I am now pleased to turn the call over to Mike McGaugh.

Mike McGaugh -- President and Chief Executive Officer

Thank you, Monica, and good morning, everyone. Welcome to our third quarter 2021 earnings call. We continued our growth trajectory during the quarter, and we made further progress on our long-term strategy despite a difficult macro environment that's impacting many businesses around the world. I'd like to thank the Myers team for their commitment and dedication that made our success this quarter possible. With that said, please turn to Slide three for an overview of our third quarter results. During the quarter, we saw continued strong demand from our material handling and distribution customers. This demand, combined with meaningful contributions from our recent acquisitions, drove the company to $200 million in net sales and more than 50% revenue growth for a second consecutive quarter. The company's top line was the strongest it has been in many years.

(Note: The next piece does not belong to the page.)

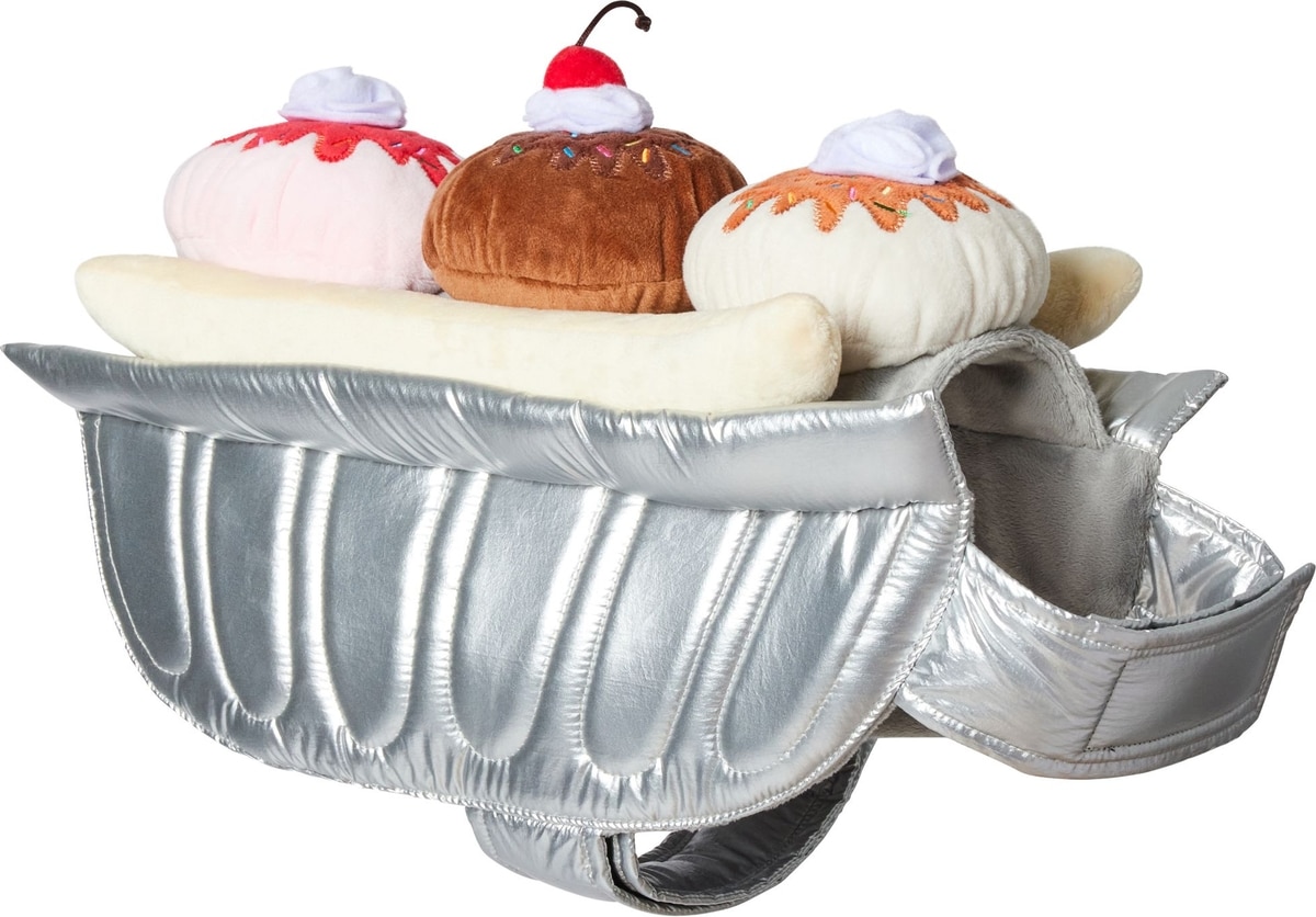 • Your pet brings a classic American dessert to life with this banana split costume.

On organic basis, sales grew 20% compared to the prior year period which marks three consecutive quarters of 20% or more organic growth. We are beginning to see the benefit of our investments in our sales force and sales training and an improved commercial focus across the company. While our top line performance was strong, we did see macroeconomic headwinds again this quarter, which impacted our margins. Input costs climbed higher due to increasing raw material costs, and tightness in the labor market impacted labor costs, both of these drove margin compression during the period. The negative impacts of labor were due to overtime pay, higher wages and in some cases, the lack of labor, which inhibited us from making or shipping certain orders. While we believe inflationary labor and supply chain headwinds will likely persist for the next several quarters, we are taking numerous actions to mitigate possible impacts on our business. These proactive steps include improvements in our sales and operations planning process, a reinvigorated sales force and the addition of a pricing excellence leader and team. We're also working hard to debottleneck and automate our plants, while we continue to secure the raw materials necessary to ensure that we meet the volume needs of our customers.

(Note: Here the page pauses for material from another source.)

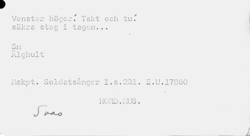 //// r //// Venster höger T Takt och tu.' säkra steg i t agera. . . //// « //// om //// A 1 nKnlf hiO IIUJl O //// Mskpt. Soldatsånger I.s.231. E.U.17860 //// « //// nord. i.iud . //// J ^nÄ-O //// / ////

We remain confident in our ability to manage price, volume and cost. And as such, we are reaffirming our previous 2021 adjusted EPS guidance of $0.90 to $1.05 per share. Before I turn it over to Sonal, I want to share a few comments on the state of Myers transformation. Myers demonstrated growth is meaningful. Our company is becoming a growth story. A new Myers is here. We're pleased with the growth to date, and we expect this new growth mindset to be a sustained theme and focus at Myers Industries. In the short term, however, we continue to see an inflationary environment that is compounded by labor shortages and supply chain issues. To manage through it, we made a few near-term supply oriented decisions that consume cash in the third quarter. These decisions were made to ensure we continue our high service level to our customers, and we expect cash flow trends to normalize in the fourth quarter.

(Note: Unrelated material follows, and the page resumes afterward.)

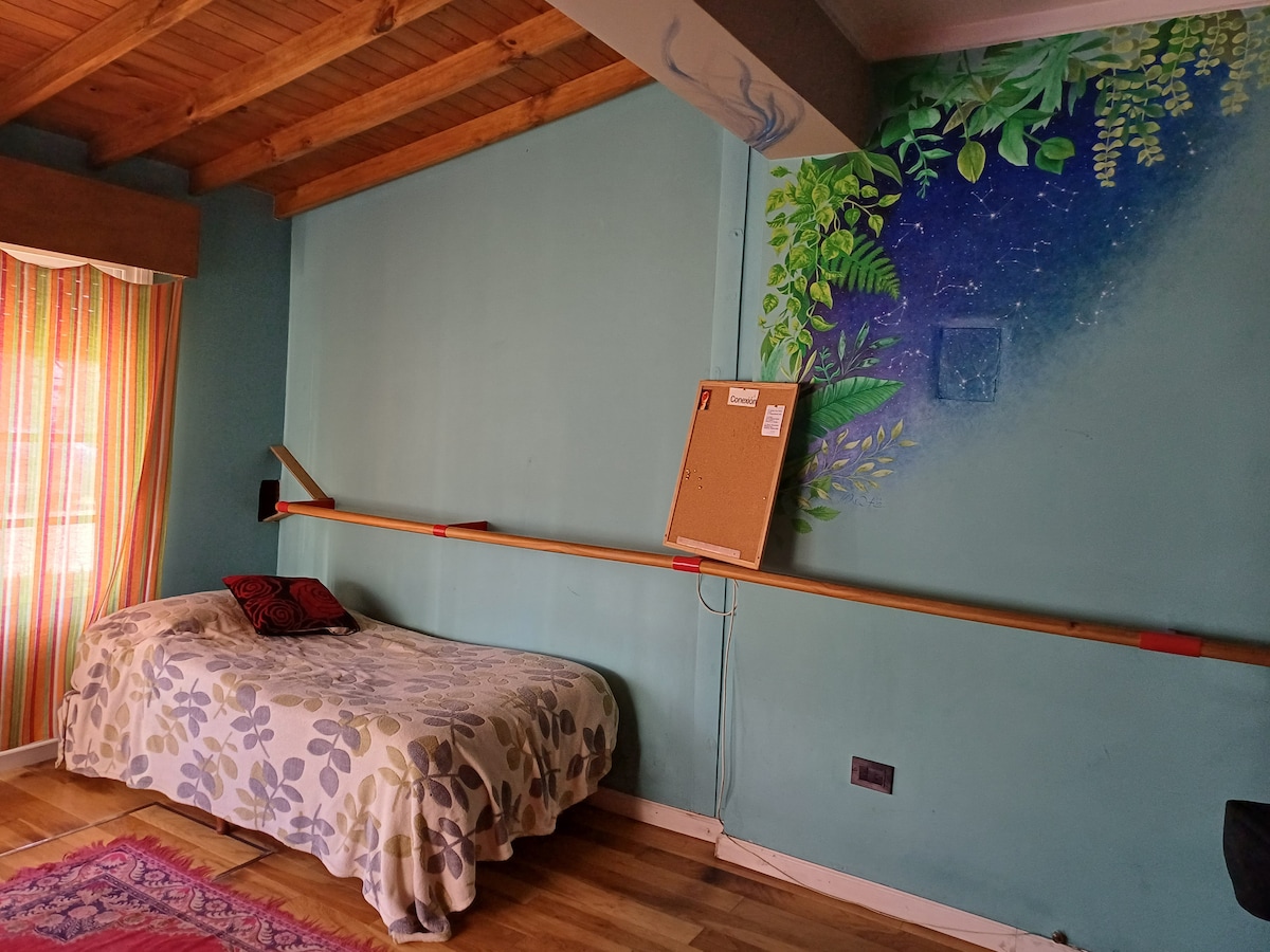 Habitación y baño en planta alta, propios del huésped. Los espacios compartidos se encuentran en planta baja.

I'm thankful for the hard work of the Myers team in the third quarter, and I remain passionate about Myers and its opportunity to create significant value and provide meaningful benefit to all of our stakeholder groups: our customers, our employees, our communities and our shareholders. With that, I'd now like to turn the call over to Sonal Robinson, our Chief Financial Officer, to provide details on our financial results and guidance. Sonal?

Sonal Robinson -- Executive Vice President, Chief Financial Officer

Thank you, Mike, and good morning, everyone. Let's begin with a review of our third quarter financial results on Slide four. Net sales were up $68 million, an increase of 51%. Excluding the impact of the Elkhart and Trilogy acquisitions, organic net sales increased 20% driven by price, which contributed 13%. Higher volume mix contributed 7%. Sales increased in all key end markets in both Materials Handling and Distribution segments. Adjusted gross profit increased $7.2 million, while gross margin decreased from 35.6% in the prior year to 27.2% in the third quarter. Gross margin was negatively impacted by higher raw material costs and higher labor costs which were not fully offset by pricing actions, has led to an unfavorable price-to-cost relationship. Included in cost of sales was a $1.6 million increase related to the LIFO inventory reserve.

Adjusted operating income decreased $3.1 million to $12.5 million due to increased SG&A, driven by the addition of Elkhart and Trilogy along with higher compensation cost and higher professional fees. Adjusted SG&A as a percentage of sales decreased to 20.9% in the third quarter compared to 23.8% in the prior year as we are experiencing the benefits of our overall larger scale on our infrastructure. We're pleased with the investments we are making in support of our One Myers work strategy are yielding positive results. Adjusted EBITDA was $17.3 million, a decrease of $2.3 million compared to the prior year. Adjusted EBITDA margin was 8.6%. And lastly, adjusted EPS was $0.23, a decrease of $0.07 or 23% compared to the prior year.

Turning now to Slide five for an overview of segment performance for the quarter. Beginning with Material Handling, net sales increased $63 million or 73%, including the Elkhart and Trilogy acquisition. On an organic basis, Material Handling net sales increased 26%, driven by favorable price of 18%. Strong volume mix contributed another 7% and FX, 1%. Organic net sales increased in the vehicle, industrial and food and beverage end markets. You may recall that our consumer end market was up significantly last year, driven by increased storm activity, which led to higher demand for our fuel containers.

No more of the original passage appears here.